Letter to the Editor     August 2020  

Intercostal Nerve-based Neurilemmoma: Posing Diagnostic and Therapeutic Challenges

By Ibrahim Ethem Özsoy1, Mehmet Akif Tezcan1

Affiliations

  1. Department of Thoracic Surgery, Kayseri Health Practice and Research Centre, University of Health Sciences, Kayseri, Turkey

Sir,

Neurilemmomas, also called schwannomas/neurinomas, originating from Schwann cells in the nerve sheath, are benign, well-circumscribed, encapsulated, gray-brown colored, slow-growing neurogenic tumors.1,2 They are usually benign tumors, mostly asymptomatic and have a low potential for malignant transformation. They are usually located in the costovertebral sulcus within the thorax, and less than 10% originate from the intercostal nerves. In the studies, the SUVmax value of PET-CT for neurilemmomas was found to be in the range of 1.9-12; and in most cases, increased F18-fluorodeoxyglucose (FDG) uptake was detected. Therefore, PET-CT cannot help in accurate diagnosis in these patients.3 Because of the possibility of malignant transformation, they should be surgically removed when detected. They rarely recur when they are completely removed surgically.4,5

Figure 1: (a) An X-ray of the chest, revealed the left upper thoracic mass; (b, c) A chest tomography showing 14x23 mm sized tumor along the fourth rib (transaxial lung and mediastinal window CT images);  (d) PET CT images show a mildly hypermetabolic mass lesion (SUVmax: 3.16) at the level of fourth rib.

At the chest X-ray of a 47-year male admitted to a smoking cessation outpatient clinic with no respiratory symptoms, a suspicious hyperdensity in the left lung was seen (Figure 1a). His hemogram and biochemical laboratory values ​​were normal. Physical examination revealed no pathology. Thoracic tomography (CT) scan showed nodular thickening in the left hemithorax, at the level of 4th rib, 14×23 mm sized, that was sitting on the pleura with a large base (Figures 1b, 1c). F-18 FDG PET-CT showed moderate hypermetabolism (SUVmax: 3.16) at the lesion site (Figure 1d). CT-guided transthoracic biopsy was planned, but could not be performed because the lesion was right next to the inner aspect of the rib. Because of the possibility of malignancy, it was decided to remove it surgically. On attempting to perform excision with videothoracoscopy, the thorax could not be entered, because of pleural adhesions, and round, well-circumscribed, encapsulated and soft lesion was excised through mini-thoracotomy (Figure 2). Histopathology and immunohistochemical examination revealed a spindle cell tumor with positivity of vessels for Factor VIII and CD34. The spindle cell component was strongly positive for S-100. A positivity rate of 1-2% was found with Ki-67 and a final diagnosis of neurilemmoma was made (Figure 3). The patient was discharged on the 3rd postoperative day.
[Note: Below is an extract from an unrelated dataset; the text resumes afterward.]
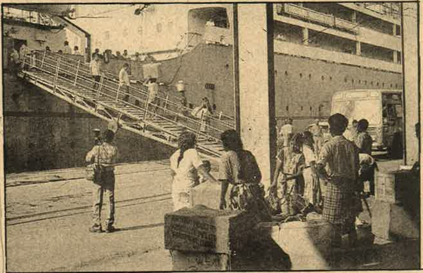
வெளியேற்றப்படும் ஈழ அகதிகள்: இந்திய மேலாதிக்கத்துக்கு பலியாடுகனா?

அரிசி போடுறாங்கள். இந்த ஊர் பண்டி (பன்றி) கூட தின்னாம முகத்தை களிக்கும். வேற வழியில்லாம திண்டு தொலைப்போம். எப்பயாவது வெள்ளையா அரிசி போட்டா 'இண்டைக்குத் தான் பொன்னி அரிசி போட்டிருக்கினம்'

Figure 2: Round, well-circumscribed, encapsulated and soft lesion was excised.

Figure 3: (a) Cytoplasmic positive staining of spindle tumor cells with S-100 (x10);  (b) Low proliferation with Ki-67 (x20).
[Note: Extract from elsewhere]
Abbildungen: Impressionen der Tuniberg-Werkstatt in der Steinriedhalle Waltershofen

In summary, increased F18-FDG uptake on PET-CT is found in almost all neurilemmomas, and PET-CT does not provide extra benefit. Surgical excision should be performed to make definitive histopathologic diagnosis and to exclude possible malignancy.

CONFLICT OF INTEREST:
No conflict of interest was declared by the authors.

AUTHORS’ CONTRIBUTION: 
IEÖ: Data acquisition and analysis, interpretation, drafting, final approval.
MAT: Analysis and interpretation, drafting, final approval.

REFERENCES

  1. Reynolds M, Shields TW. Benign and malignant neurogenic tumours of mediastinum in children and adults. In: Shields TW, Locicero J, Reed Ce, Feins Rh, eds. General thoracic surgery, vol 2, 7th ed. Philadelphia: Lippincot Williams Wilkins 2009; 2415-39.
  2. Yapıcıer Ö, Ekemen S. Histopathology of schwannomas. Türk Nöroşir Derg 2016; 26(1):1-7.
  3. Benz MR, Czernin J, Dry SM, Tap WD, Allen-Auerbach MS, Elashoff D, et al. Quantitative f18-fluorodeoxyglucose positron emission tomography accurately characterizes peripheral nerve sheath tumors as malignant or benign. Cancer 2010; 116(2):451-8.
  4. McClenathan JH, Bloom RJ. Peripheral tumors of the intercostal nerves. Ann Thorac Surg 2004; 78(2): 713-4.
  5. Kransdorf MJ. Benign soft-tissue tumors in a large referral population: Distribution of specific diagnoses by age, sex, and location. AJR Am J Roentgenol 1995; 164(2):395-402.